I never said my SC was perfect, just that with the correct prop and height settings blowout wasn't an issue for me. The tunnel design needs some work. I gave Kameron a choice in props when I sold him the boat, he chose the 3 blade. The 4 blade power tech held significantly better however it was a slower prop. With the 4 blade and the height setting I had I could run a winding creek without any issues. 

As suggested if you back off the throttle slightly going into a turn it is less of an issue. If you gun it going into the turn it can cause problems.
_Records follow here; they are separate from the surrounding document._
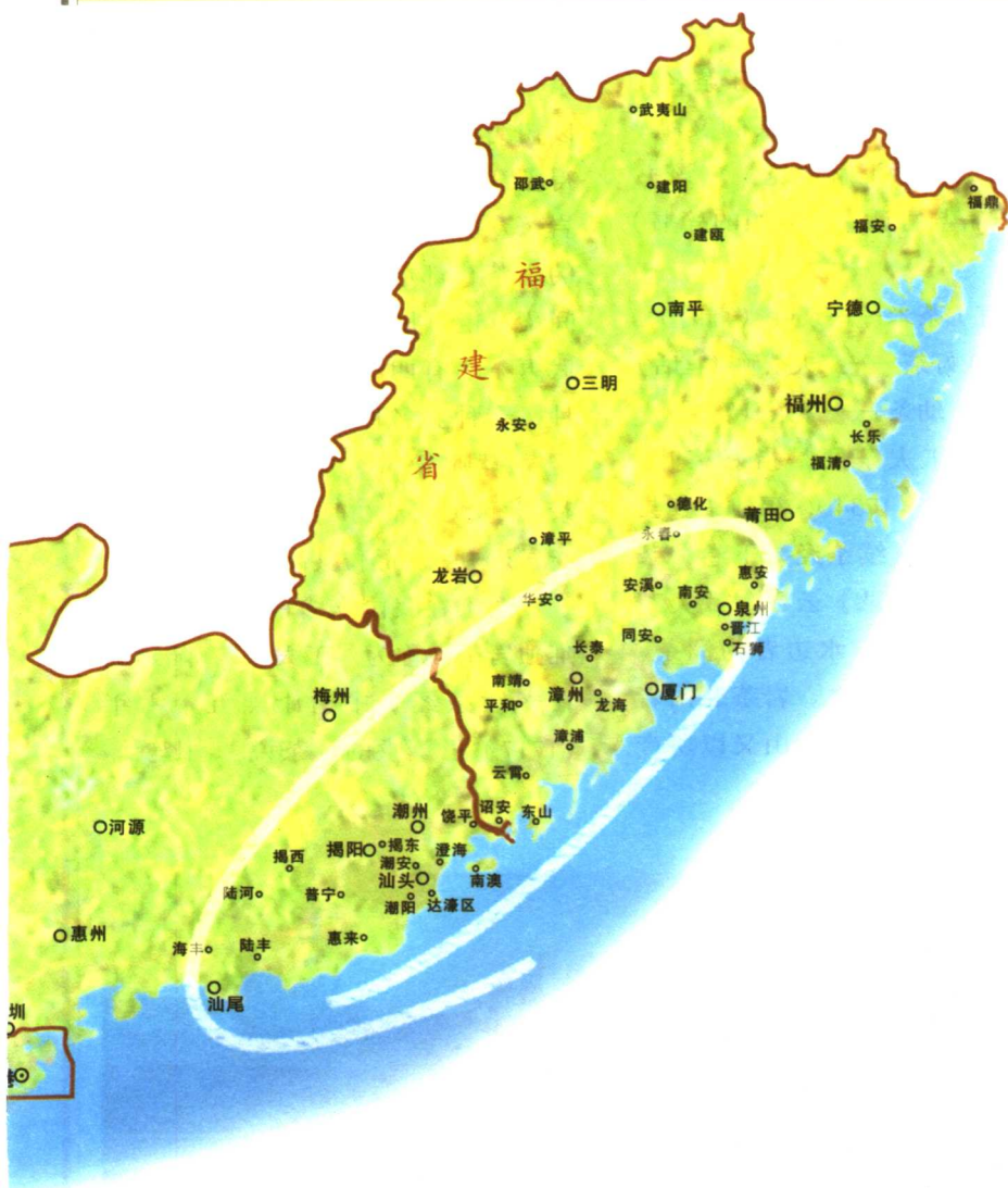
闽南及潮汕地区示意图

闽南三角地区包括厦门市、漳州市、泉州市及其所辖各县；粤东地区包括潮州、汕头、揭阳、汕尾及其所辖各县。
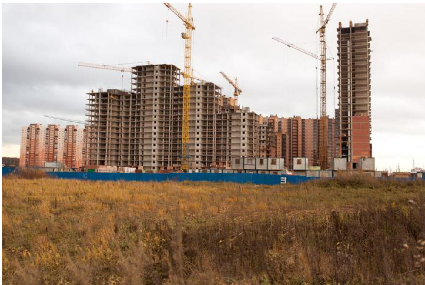
Вид с Областной улицы на секции 29-26, 31, 17
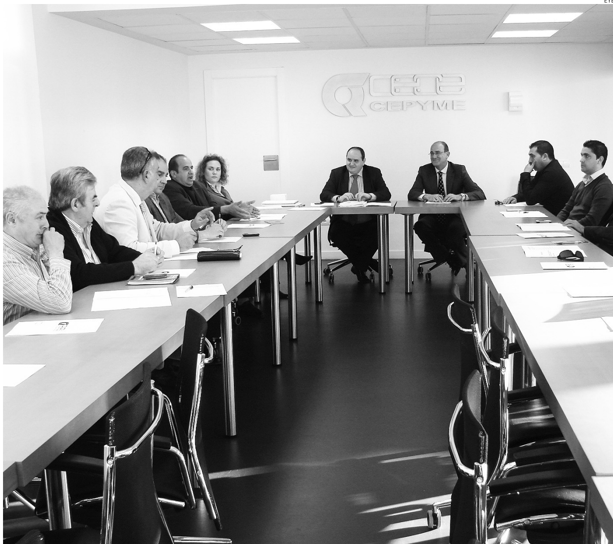
Arriba, momento de la reunión mantenida por el sector.

El sector intenta reactivar su actividad a través de diversos parámetros para coger impulso
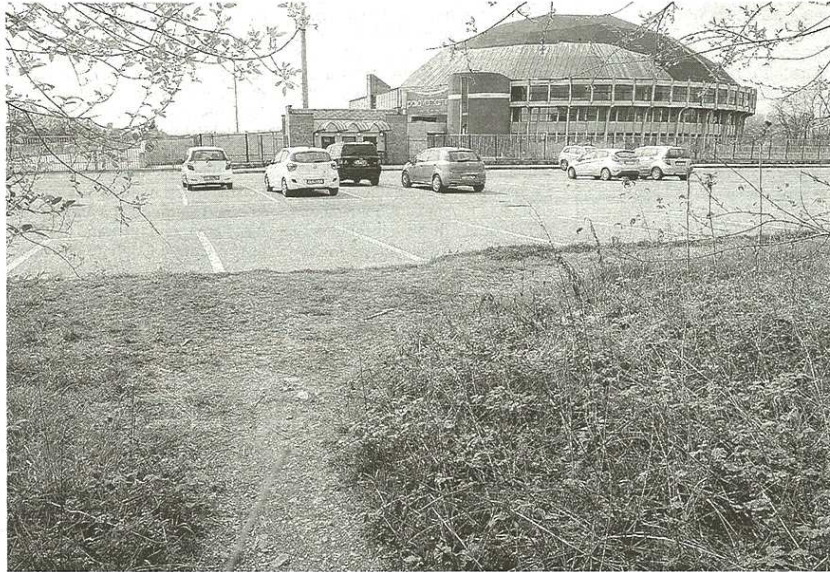
Il sentiero approda al parcheggio del Palayamamay, la lista di minoranza propone la messa in sicurezza

In my opinion I see people putting jack plates on the SC16 when it isn't necessary. Then they complain about the prop blow out. The jack plate only magnifies the issue. It runs stupid skinny without a plate. With trim tabs you can raise the stern when needed.


----------



## Maverick904 (May 28, 2013)

My issues with the turning dont have to do with blowing out. I literally have to throw all of my weight into it for the boat to make a somewhat decent turn. I have actually noticed the boat even do what seems to only be described as a crab walk when I turn the tiller and dont lean into it. Also I have noticed the bow likes to dig and I can actually get spray over the bow on sharper turns (in slick calm conditions). And that is driving solo so no extra weight towards the bow..and 230 lbs of me sitting on the rear deck.

That being said its a great little boat to do what it was designed to do. get stupid shallow and pole easily.


----------



## MUD_MINNOW (Oct 16, 2011)

More than happy to meet anyone at the ramp to give FREE test rides so this topic can be put to rest.  My SC18 with a 30 Tohatsu with electric trim and tilt and 4 blade power tech prop turns as sharp as the tiller will allow it to.  Granted the motor does need to be trimmed all the way down to do so.  I can hit 31 MPH NOT loaded with just myself in the skiff 210 lbs. 

I have had the boat fully loaded myself, another 200lb+ guy, two children, 18 gal live well, ice, 12 gal fuel, batteries, tackle, etc... the skiff has no prob getting on plane and will reach 26 MPH. 

The guys who have had issues with "blow out" either have added a jack plate or have outboards without elect trim/tilt.  A 4 blade is a must!! I myself had 2 different 3 blade props from Prop Gods... not of them grabbed like the 4. 

Certainly not saying the SC18 will turn like a caiman...but the SC18 is a TUNNEL!! Get the right motor/prop and don't mess with it.

St. Augustine, FL if anyone wants to go for a spin... no pun intended.


----------



## MUD_MINNOW (Oct 16, 2011)




----------



## Boerne (Jul 11, 2014)

cool pics. can you give the specifics on which prop you have. I plan to pick up my 18ft SC in Nov. Thanks for great info. on the SC


----------



## el9surf (Dec 23, 2008)

Depending on whether the tabs are engaged and how the motor is trimmed you should be able to adjust for that. I never noticed it. I still have the 4 blade if you want to give it a shot.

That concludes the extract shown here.